Supplied records ::
═══

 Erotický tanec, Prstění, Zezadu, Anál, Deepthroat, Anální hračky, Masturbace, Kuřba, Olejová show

═══

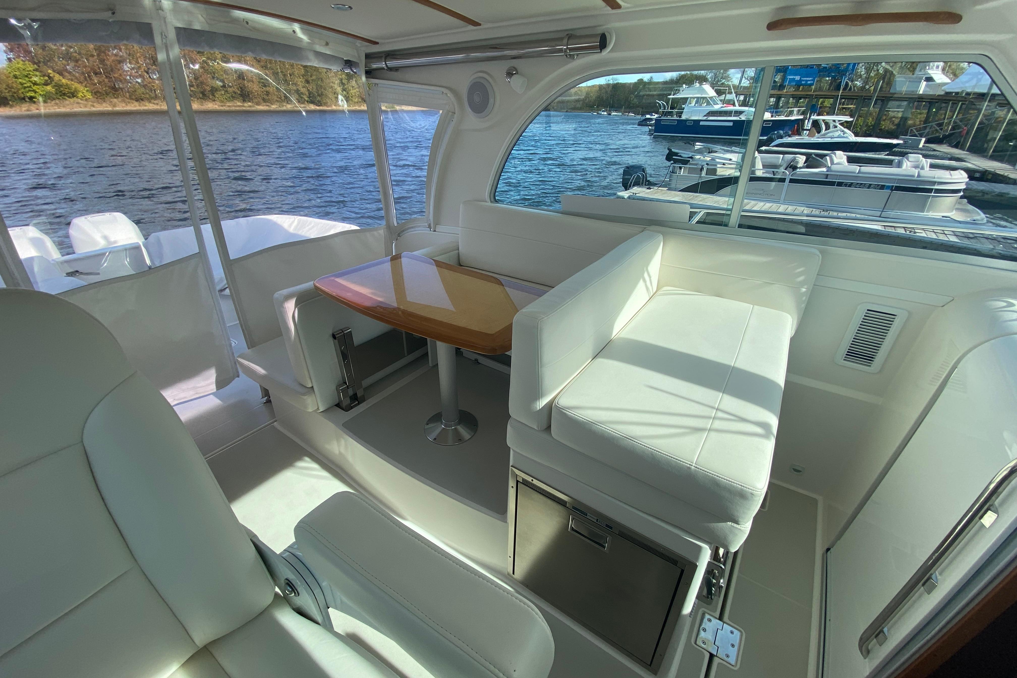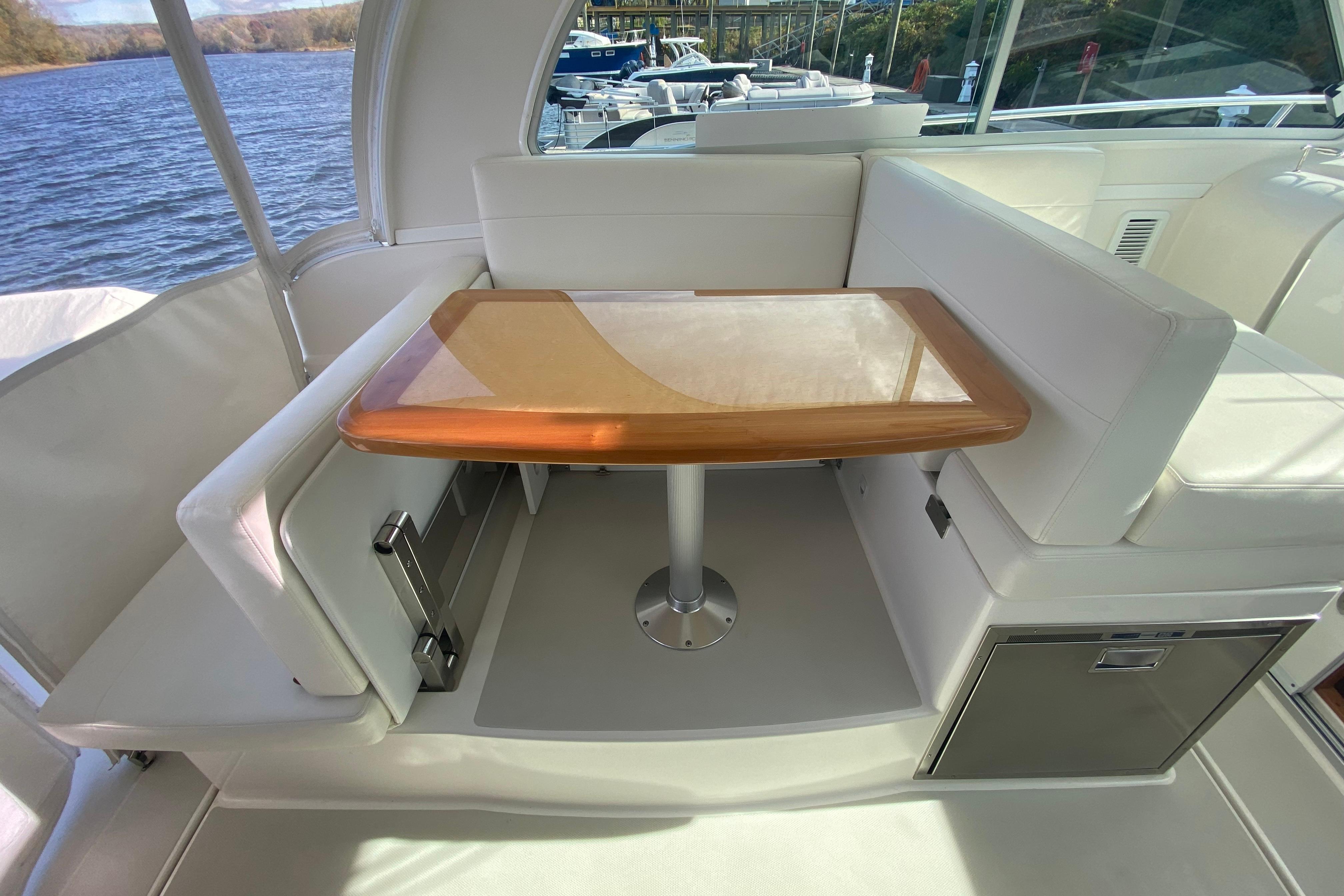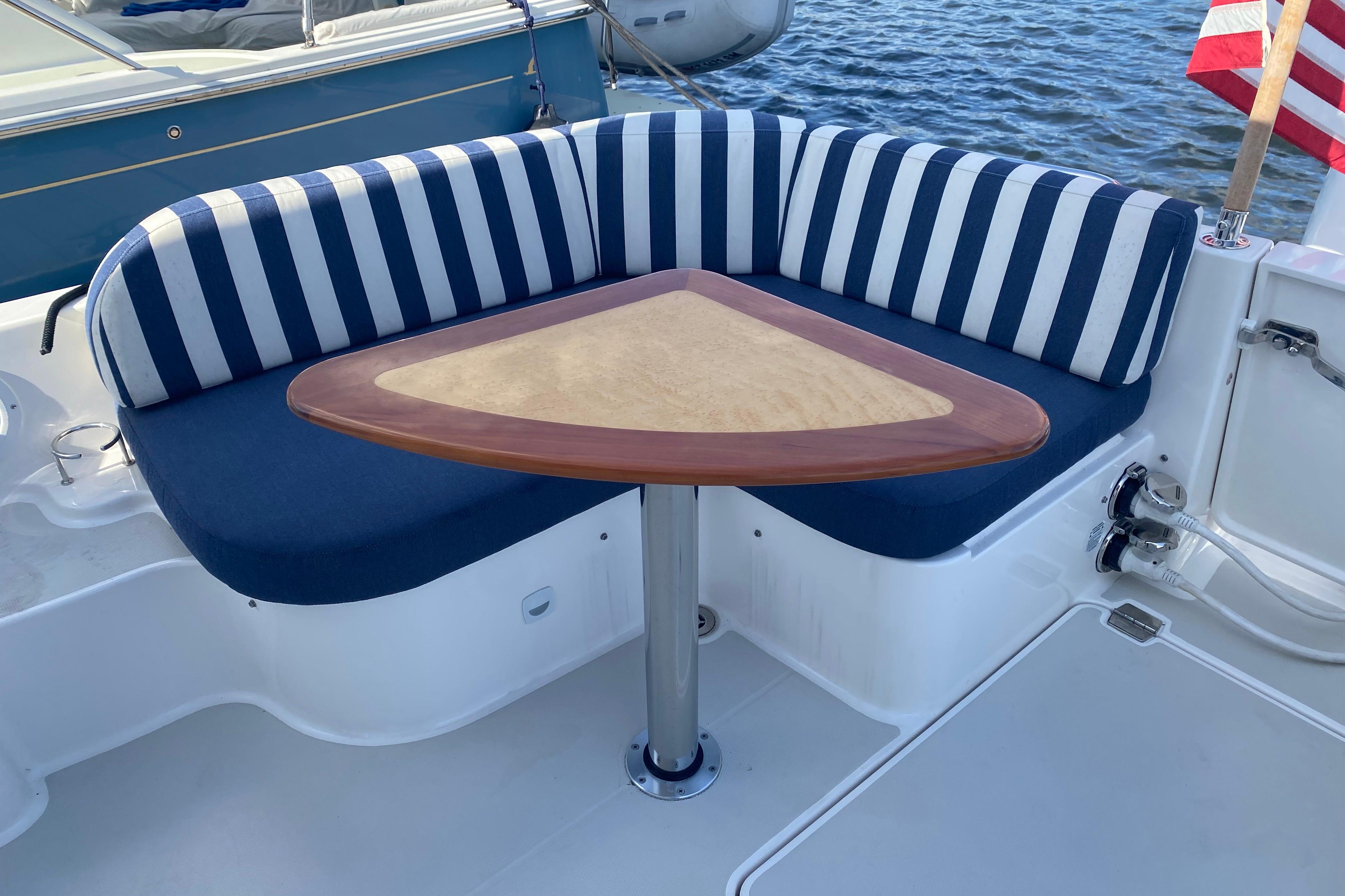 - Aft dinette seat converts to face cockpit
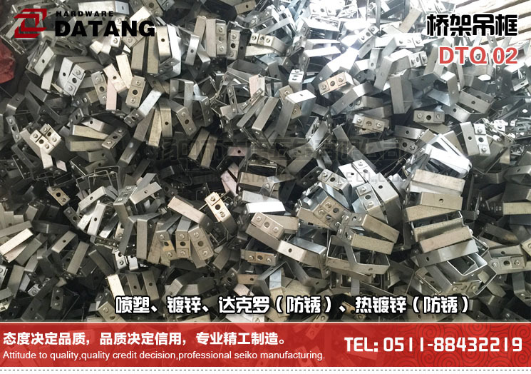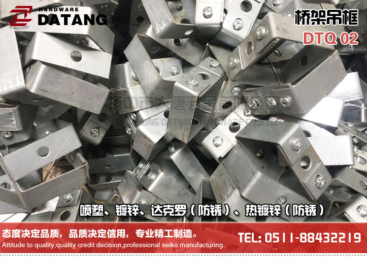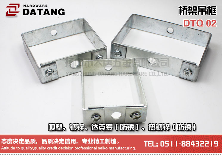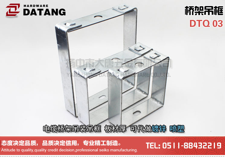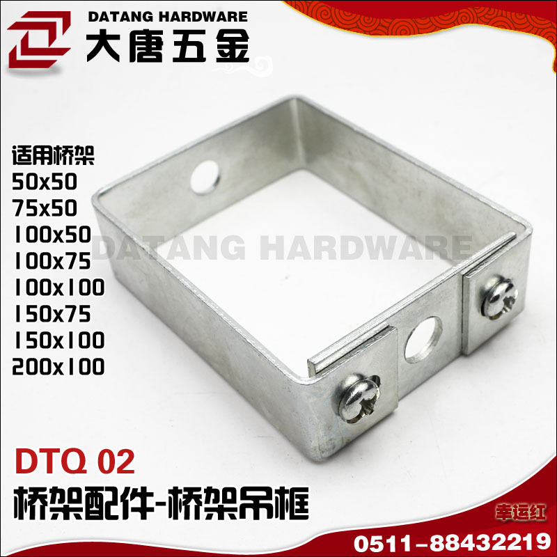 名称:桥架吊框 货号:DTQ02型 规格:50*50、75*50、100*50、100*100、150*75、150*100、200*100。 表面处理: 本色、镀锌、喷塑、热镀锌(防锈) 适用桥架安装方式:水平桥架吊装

═══

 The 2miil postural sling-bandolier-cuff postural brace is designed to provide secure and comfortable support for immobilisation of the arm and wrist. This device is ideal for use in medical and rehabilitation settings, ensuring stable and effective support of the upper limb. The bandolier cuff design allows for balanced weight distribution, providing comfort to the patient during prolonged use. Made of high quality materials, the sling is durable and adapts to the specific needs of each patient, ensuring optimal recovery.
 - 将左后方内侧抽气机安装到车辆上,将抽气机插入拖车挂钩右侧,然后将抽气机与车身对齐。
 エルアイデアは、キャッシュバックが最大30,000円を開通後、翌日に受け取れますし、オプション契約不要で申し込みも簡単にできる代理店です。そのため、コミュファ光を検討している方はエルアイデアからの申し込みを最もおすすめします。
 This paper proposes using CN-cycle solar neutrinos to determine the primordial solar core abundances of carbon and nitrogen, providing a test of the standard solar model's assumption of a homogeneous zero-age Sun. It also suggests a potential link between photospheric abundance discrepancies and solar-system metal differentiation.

═══

Required work ::
Copy word for word the lines above, starting at the line containing "- Aft dinette seat converts to face cockpit" and ending at the line containing "表面处理: 本色、镀锌、喷塑、热镀锌(防锈) 适用桥架安装方式:水平桥架吊装", inclusive, with no pictures.

Answer section ::
 - Aft dinette seat converts to face cockpit
 名称:桥架吊框 货号:DTQ02型 规格:50*50、75*50、100*50、100*100、150*75、150*100、200*100。 表面处理: 本色、镀锌、喷塑、热镀锌(防锈) 适用桥架安装方式:水平桥架吊装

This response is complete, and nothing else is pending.